The result in curriculum terms is that significant and growing numbers of students in years 10,11,12 and 13 are now spending three days a week in school, one day a week in an FE college, and one day a week in the workplace as a paid employee. In years 12 and 13, the three days in school are spent on traditional academic study; one day at the FE college, and the related day in the workplace, leading to a National Vocational Qualification over two years. All five days contribute to completion of the Higher School Certificate.
The response from industry was very supportive We negotiated with the Toyota Motor Company for every Toyota dealer in NSW, and subsequently across Australia, to take four school students for one day a week for two years, enrolled in NVQs in automotive practice, small business, and sales and marketing. Every country town of any size has a high school and a Toyota dealership. The benefit from the dealers' point of view was that they were able to select from a competitive pool of motivated young people; they received a government subsidy so the investment was of benefit; and they were able to grow young people into the business, recruiting them at the end of the two years.
A similar scheme was then set up with Woolworths, with young people taking an NVQ in the bakery trade or in meat processing being employed in by bakers and butchers in the supermarkets; and there are thousands of other placements with small business.
Across the state, teachers report that the self-esteem, motivation and application of previously disaffected young people has soared through involvement in this program. It has become fashionable to wear the Toyota uniform or checked baker's trousers to school.
At the same time, the workplace has been critical to the acquisition of key skills for employability. Bosses, relating to 15 year-old paid employees, have proved far more effective in transmitting the employability skills of working in teams, problem solving, customer relations, punctuality and attendance, than teachers relating to disaffected students.
So the fourth requirement, in my view, is new organisation arrangements and operating models.
The last of the five conditions is for government to recognise that drawing more young people into vocational education is not solely or even mainly a curriculum issue.
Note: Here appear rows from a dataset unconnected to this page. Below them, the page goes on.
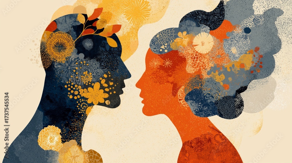 minimal artful poster in health care and supportive concept, man and woman head with floral and flowers on plain background #1737545534
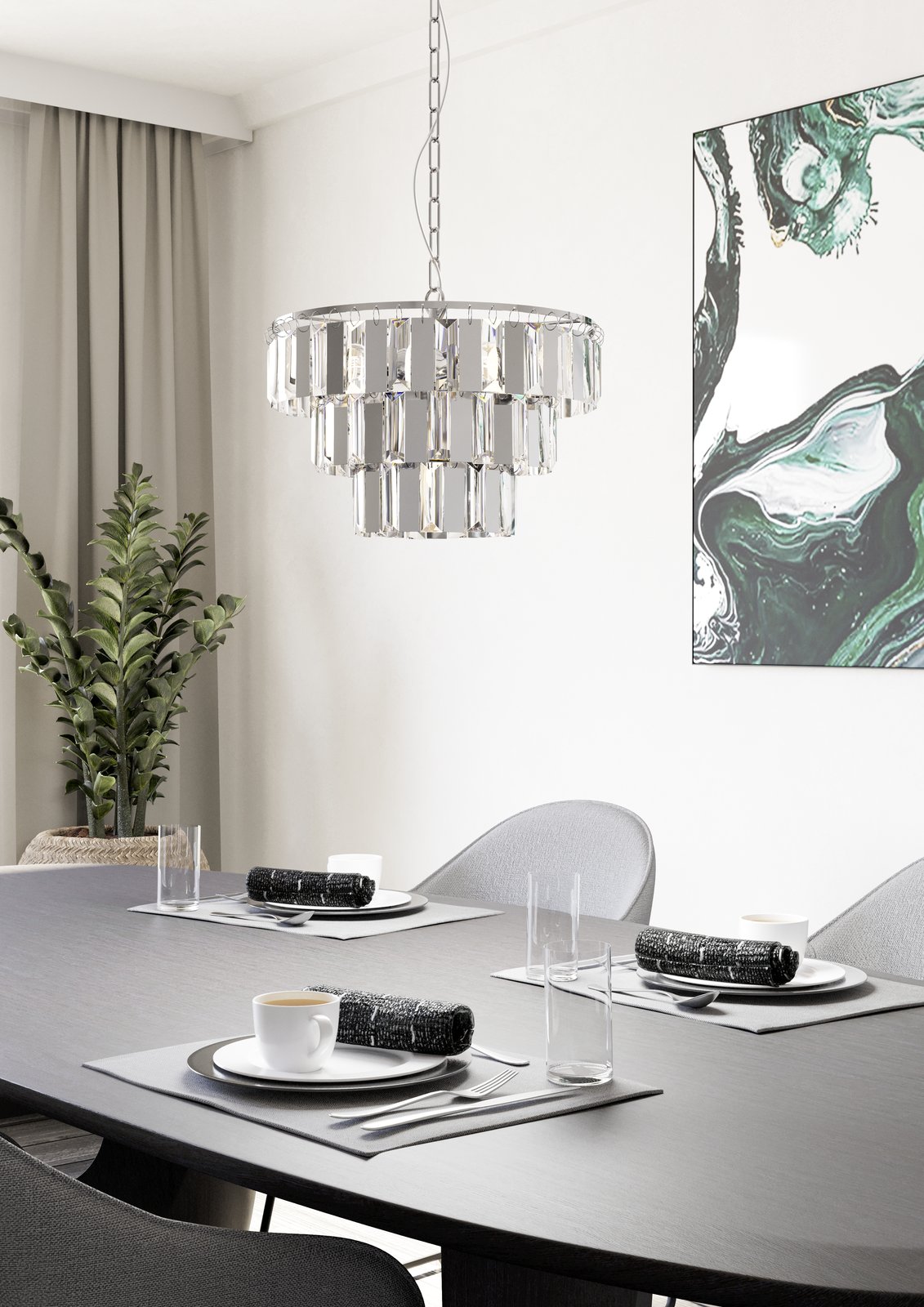 Moderní a elegantní křišťálová svítidla vyrobená z oceli a křišťálu. Jsou vhodná do obývacích pokojů, ale i kuchyní, jídelen, pracoven nebo vstupních hal. Působí velmi luxusním dojmem. |
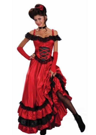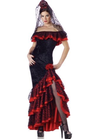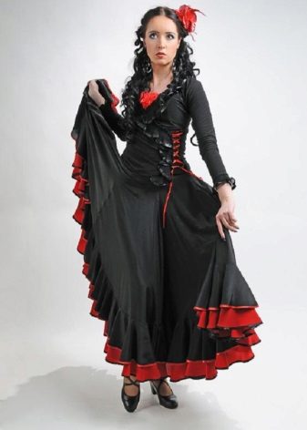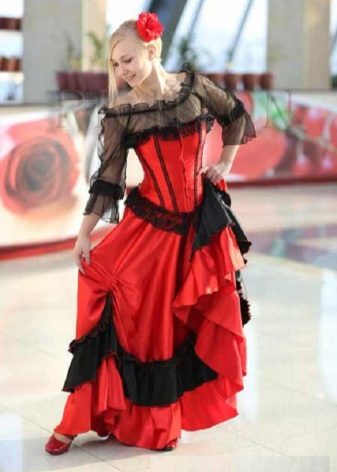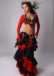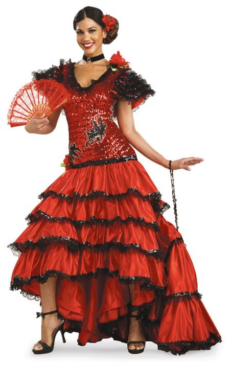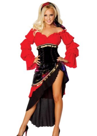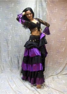 Gypsy costume is also called a dress, in which, in addition to the skirt described above, there is a completely fitting top with a deep oval neckline and fitting sleeves, the cuffs of which are also decorated with several layers of flounces.
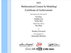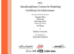 5月9日,美国数学及其应用联合会 (COMAP) 公布了2023年美国老员工数学建模竞赛 (MCM/ICM) 的获奖名单,公司学子再创佳绩:获Meritorious Winner奖两项分别是由李韶伟老师指导的蔡忠哲、曾日威、林承铖队和王洁老师指导的王晚香、刘铭宏、刘绍东队;获Honorable Mention奖五项,分别是由夏志乐、黄建平和王洁老师指导的五队。
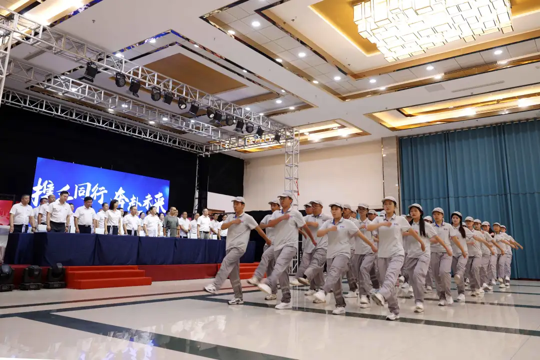 “风在吼,马在叫,黄河在咆哮……万山丛中,抗日英雄真不少!青纱帐里,游击健儿逞英豪!”7月24日晚,由大学生新员工合唱的《保卫黄河》,把主题为“携手同行,奔赴未来”的好博集团2024届大学生入职晚宴推向高潮。这标志着170名新入职大学生历经20余天的训练和学习,圆满完成各项集训任务,奔赴全国各地的工作岗位,以青春奋斗之姿奔赴更加美好的未来。
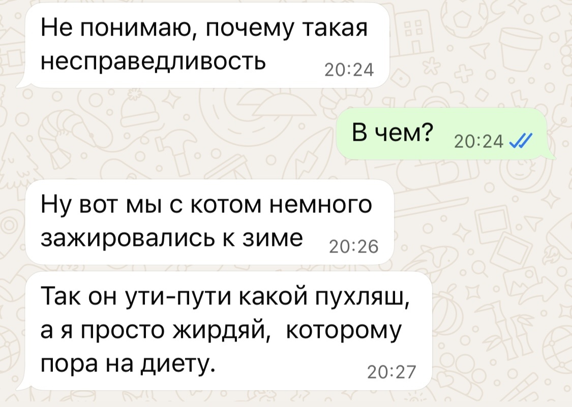 Да, вот такая несправедливость. Котик всегда в любом весе красавчик, а человеку надо стараться и усилия прикладывать, чтобы более-менее сносно выглядеть.
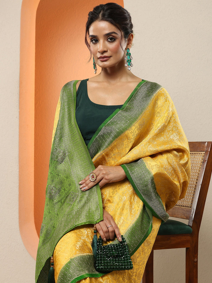 Mustard Woven Design Silk Blend Sarees With Unstitched Blouse Piece
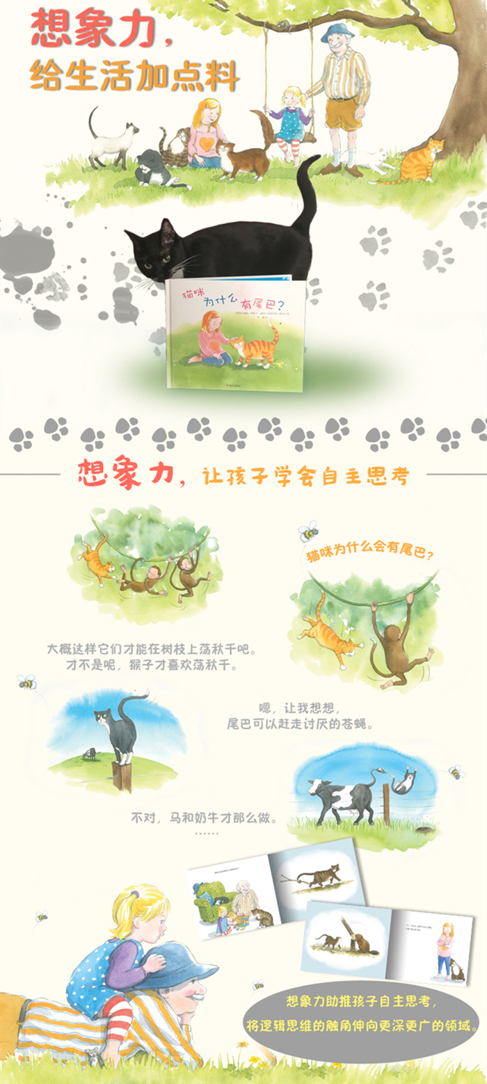 孩子们常常提一些非常有趣的问题,比如猫咪为什么有尾巴?在这个温暖而有趣的故事里,爷爷以一些不寻常的回答逗孙女们开心。孙女们和爷爷以及他的猫咪们待在一起,她们否定了爷爷那些傻得可爱的答案,直到她自己想出了一个甚至连爷爷也想不出来的主意。这是一个逗得祖孙都开心的故事,想必爷爷奶奶和孙子孙女们都会很喜欢的。
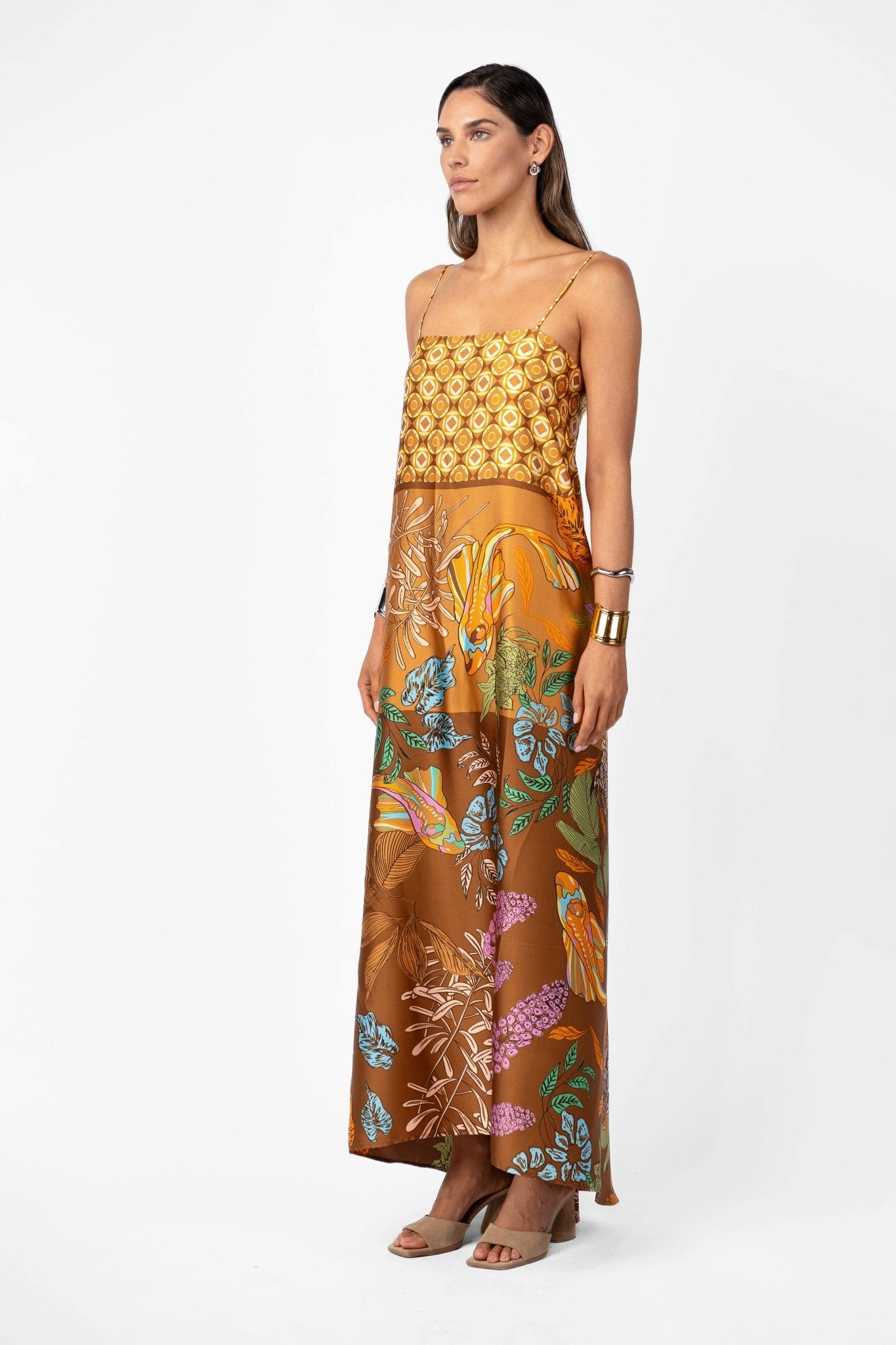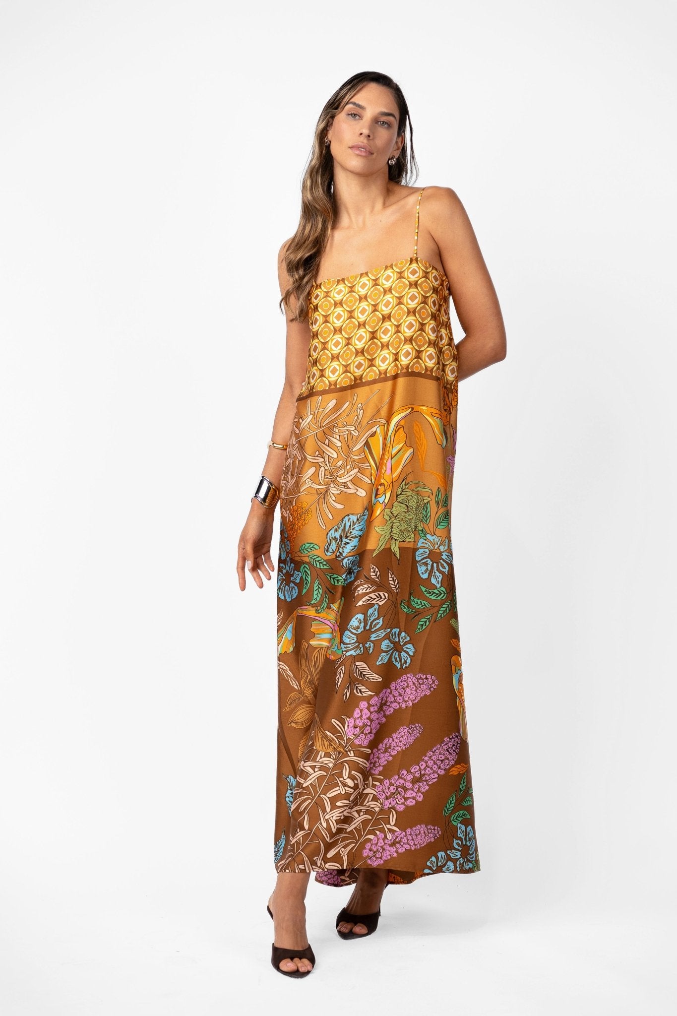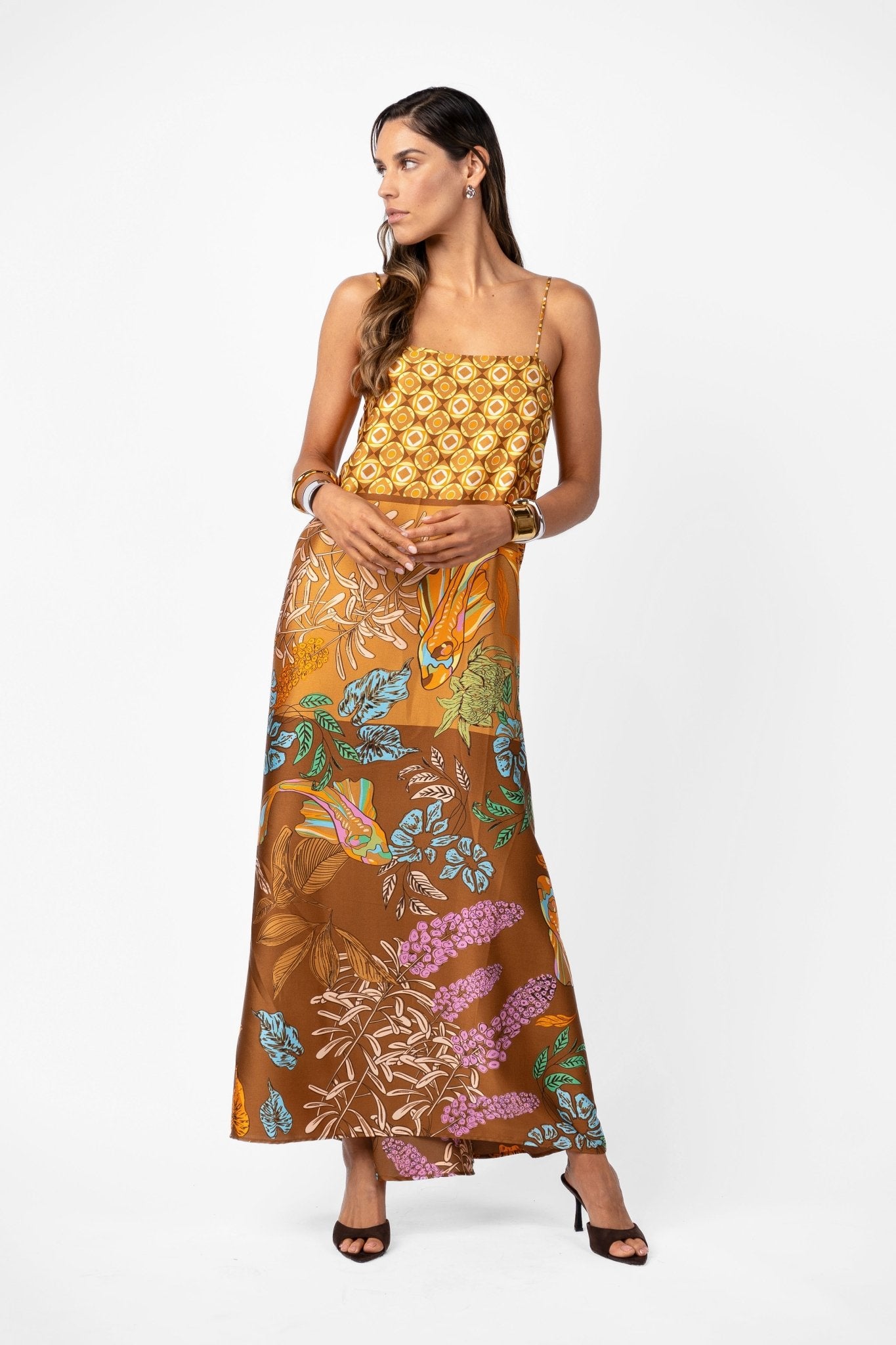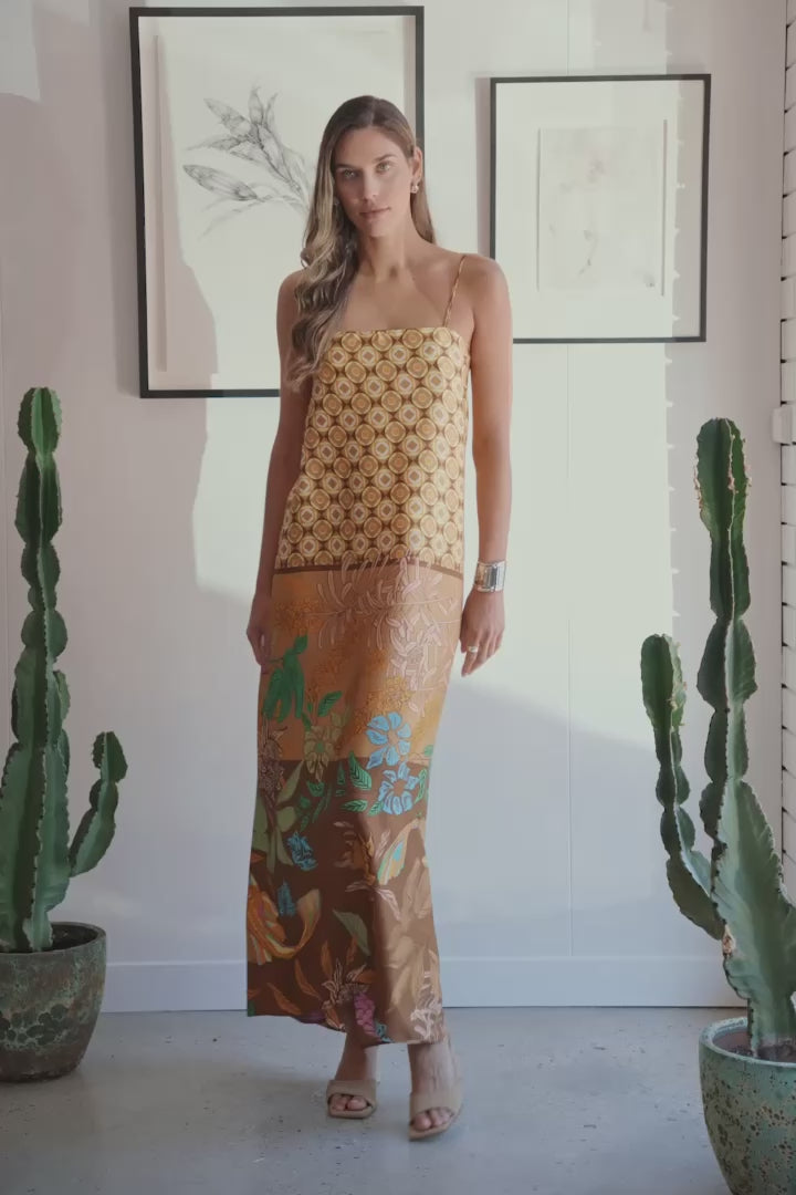 The Duplicity Slip in Koi no Mori is cut from lustrous satin patterned with a richly layered Japanese-inspired print. Delicately suspended from slender rouleau straps, the clean square neckline creates a balanced frame for the fluid silhouette. The slip skims the body with a gentle ease, before falling into a soft, ankle-grazing hem that moves effortlessly with each step.
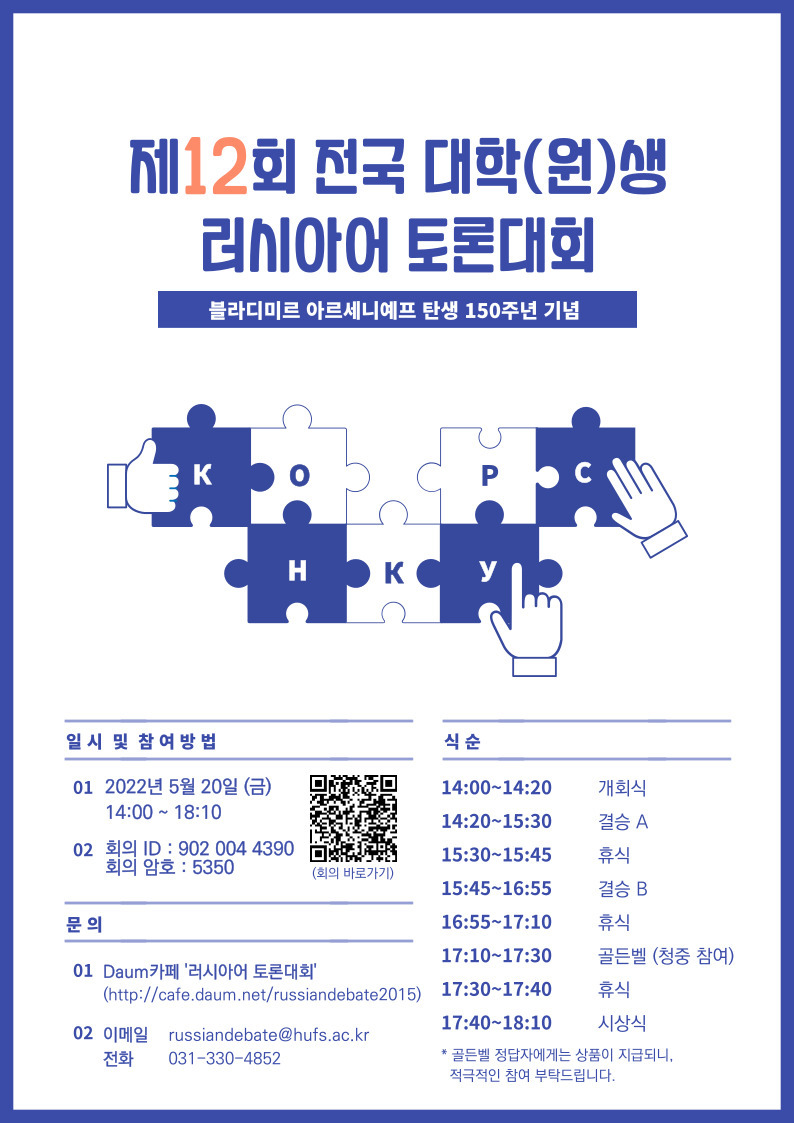 제12회 전국 대학(원)생 러시아어 토론대회 결승 안내
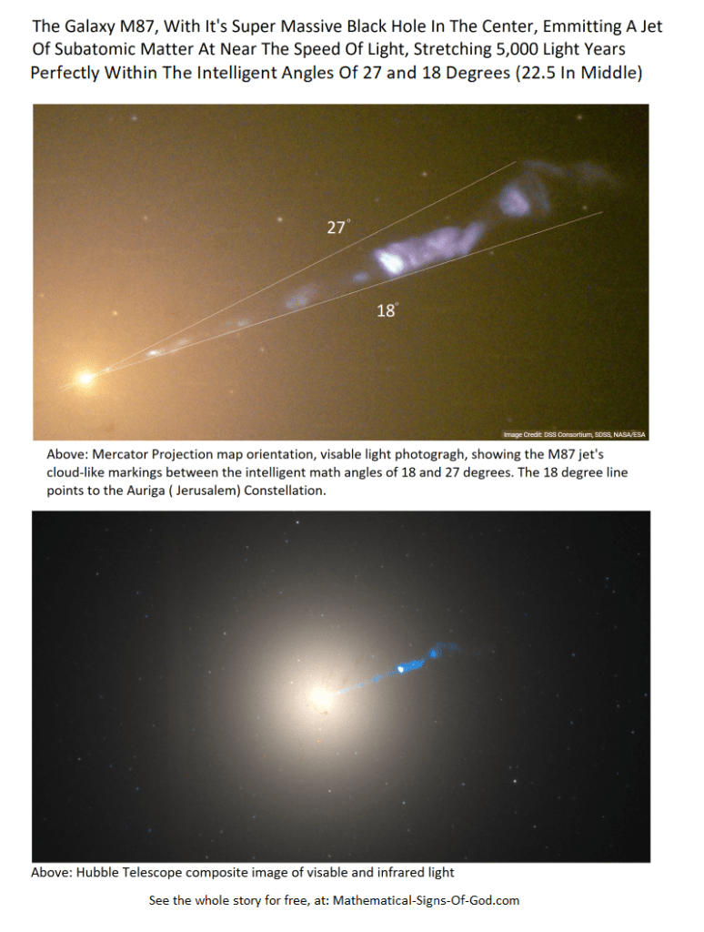 Near Lightspeed Subatomic Matter Jet of the massive black hole of Galaxy M87 is within the intelligent angles of 18 and 27 degrees in a Mercator projection map.

Significant industrial issues are involved in relation to the teaching workforce; there are issues relating to the duty of care for students; and significant investment is required to provide incentives for business and industry to commit to effective participation. I won't dwell on that final point, but it is perhaps even more critical than the others.
So, drawing vocational qualifications into secondary education is a huge challenge. Deployed to address it are the Tomlinson Inquiry, the Skills Strategy, and QCA's remit to improve vocational qualifications. The goal is the building of the national stock of human capital, the pillars of which are participation and skill.
I have drawn on my experiences in Australia, which has faced a similar problem of raising the status of vocational education and training in schools. Even taking into account cultural and other differences, I believe that the five conditions apply here. In a nutshell, the status of vocational education will be raised if we stop talking about it as something qualitatively different from academic education, and see it as a genuinely vocational first step for young people in schools. It must be taught well, and supported by those in business and industry. And it needs new approaches to delivery, and clear support from the government and the rest of us, in tackling a task which is so vital to the future health and welfare of this country and its citizens.